Rare causes of paediatric primary adrenal insufficiency characterised

medwireNews: Italian researchers report presenting characteristics and outcomes for children with primary adrenal insufficiency (PAI) not caused by 21-hydroxylase deficiency (OHD) congenital adrenal hyperplasia (CAH).

The team identified 803 children diagnosed with PAI in eight Italian centres over the previous 20 years, the majority (85%) of whom had 21-OHD CAH and were not assessed further for this study.

For the remaining 121 children, the most common cause of PAI was a rare inherited condition, accounting for 73.5% of these cases.

The most frequent of these were X-linked adrenoleukodystrophy (X-ALD) in 25 boys, autoimmune polyglandular syndrome type 1 (APS-1) in 25 children (nine boys) and adrenal hypoplasia congenital (AHC) caused by mutations in NR0B1 in 16 boys.

In addition, 10 children (eight boys) had other forms of CAH, most commonly 3β-hydroxysteroid dehydrogenase or 11-hydroxylase deficiency.

Five children (three boys) had familial glucocorticoid deficiency (FGD), most often due to an MC2R gene mutation, and for the remaining eight children, PAI was a component of a rare syndrome – Allgrove syndrome for seven children (five boys) and Pearson syndrome for one girl.

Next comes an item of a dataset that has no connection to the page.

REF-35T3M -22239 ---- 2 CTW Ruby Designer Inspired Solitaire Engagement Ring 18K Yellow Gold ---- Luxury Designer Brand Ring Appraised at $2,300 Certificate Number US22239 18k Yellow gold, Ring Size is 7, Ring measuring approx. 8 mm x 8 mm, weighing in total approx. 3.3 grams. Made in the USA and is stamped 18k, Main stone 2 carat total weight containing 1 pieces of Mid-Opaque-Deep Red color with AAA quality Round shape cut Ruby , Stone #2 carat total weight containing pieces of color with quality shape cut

The second most common category was autoimmune PAI, which was diagnosed in 20 children, to account for 16.5% of the 121 cases. Twelve of these children had isolated autoimmune PAI and eight had it in the setting of APS-2.

A further three children had acquired forms of PAI, while the aetiology was not determined in the other nine.

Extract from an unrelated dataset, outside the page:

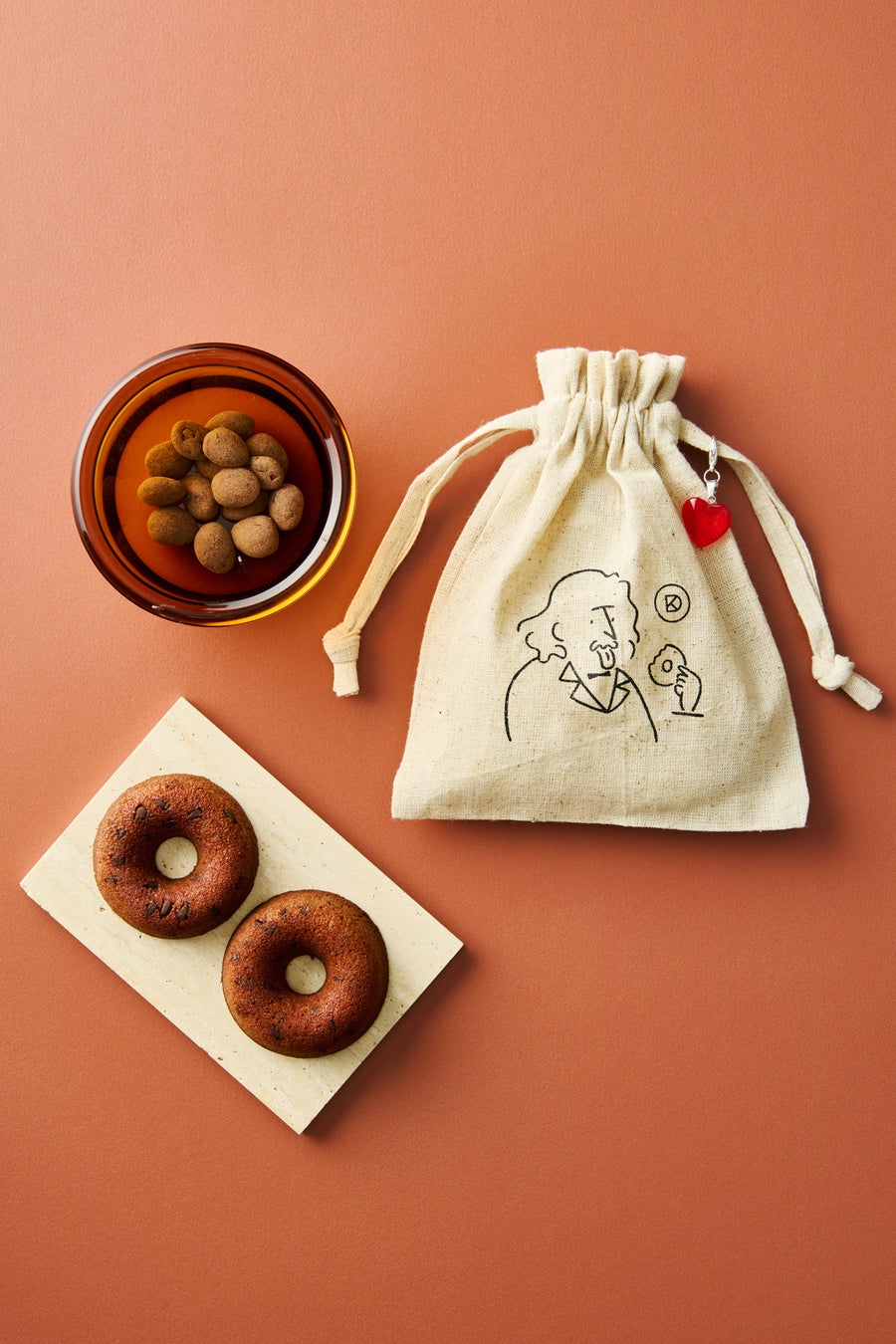 また、『ドーナツ博士』をあしらったオリジナル巾着に、ショコラフィナンシェドーナツとアマンドショコラを詰めたギフトもご用意。バレンタインやホワイトデーシーズンならではのハートチャームを付属した特別仕様です。

Mariacarolina Salerno (University Federico II of Naples) and co-researchers found that the children’s signs and symptoms at presentation were “highly dependent on the underlying etiology.”

The most common symptom at the point of diagnosis was fatigue, in 67.0% of the children, followed by hyperpigmentation in 50.4%, dehydration in 33.0%, compensated hypotension in 31.0% and gastrointestinal symptoms, particularly vomiting, which occurred in 30.7% of the children.

Nearly a quarter of the children had failure to thrive and a similar proportion had neurological symptoms that were related to the specific underlying disease.

Age at diagnosis was also related to the underlying aetiology. Children with FGD, non–21-OHD CAH, AHC or rare genetic syndromes were diagnosed when very young (average 1.0 to 3.7 years), whereas those with X-ALD, APS-1 or autoimmune PAI were diagnosed at an average of 8.6 to 10.7 years of age.

“An acute onset was more frequently reported in children with AHC or FGD, whereas nonspecific signs may dominate the clinical picture in children with autoimmune PAI or X-ALD”, the researchers write in The Journal of Clinical Endocrinology & Metabolism.

And they note that there was a longer duration of symptoms before a diagnosis was made in this latter group, “pointing attention on the importance of increasing awareness in older children in which nonspecific symptoms may dominate the clinical picture for long-time.”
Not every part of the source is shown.